When we took this cruise last time, years ago, we didn’t have a whole day in Glacier Bay. We came into the Bay during the night, woke up to the massive face of one of the glaciers (not sure which one), hung around for a couple of hours waiting for the glacier to calve. It didn’t, even though the captain sounded the ship’s horn, which sometimes will cause one (and likely the Park officials have laid down the law about trying to cause calving anymore, because the glaciers are receding at such a rapid rate). Back then, we saw some of the whale breeding grounds and did see whales off at a long distance, then we left in order to reach Sitka by early afternoon.

This time we spent the entire day there, from early morning when we picked up some Park Rangers who gave us mini-lectures on the ship’s radio periodically during the day. We “hung out” at the Margerie Glacier (pictured above) for about an hour or so. During that time we could hear the glacier cracking – sounds like gunshots or as rumbly as thunder). An eerie sound. Then hung out a shorter time at the less attractive Grand Pacific Glacier.

grand pacific inlet This looks like a rock wall, but it’s all glacier. Just black because of all the dirt and rock the glacier picked up when it was growing. Now it’s receding, so it drops small chunks of ice, but when this one calves it looks the same, because it’s so full of dirt and gravel.

johns hopkins inlet 2 This was as close as we were allowed to go in the Johns Hopkins Inlet (Johns Hopkins Glacier is right there in the center as it meets the sea). Harbor seals give birth (the Park Rangers call it pupping) on small icebergs way back in there (the safest place they can birth because of land predators like bears). Except for the ship’s engines, it was ever so quiet.

The Park Rangers spent some time talking about the glaciers. Their makeup, their history, and about the known evolution of them. The map they gave us shows the glacier masses over the course of the last 100 years. They have ebbed and grown, both. But she said that the glaciers receded PRIOR TO the Industrial Revolution, too. That likely thousands of years ago the glaciers did the same thing – receded dramatically. Not that man (and the burning of fossil fuels) hasn’t contributed to it, but they do believe it’s a natural phenomena.

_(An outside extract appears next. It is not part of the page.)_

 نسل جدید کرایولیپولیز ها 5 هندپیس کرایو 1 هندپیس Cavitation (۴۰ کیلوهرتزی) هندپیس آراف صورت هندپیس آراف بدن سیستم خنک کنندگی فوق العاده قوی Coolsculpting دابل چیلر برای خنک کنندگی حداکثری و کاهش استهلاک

As I’m writing this we’ve actually just docked in Ketchikan (after a long 8 hours or so at sea, when my stomach was not happy because we were actually out in the open ocean). We did see a few killer whales cavorting just beside the ship last night as we were eating dinner. That was fun! But I didn’t have my camera with me. I was concentrating on keeping my stomach under control as we were lightly rolling. Seasickness is just a fact of life for me. Hard to believe I married a man who is a sailor. He’s incredibly patient and understanding with me, though. Even he gets seasick occasionally, although I’ve never seen it happen to him, and we’ve been married for 26 years.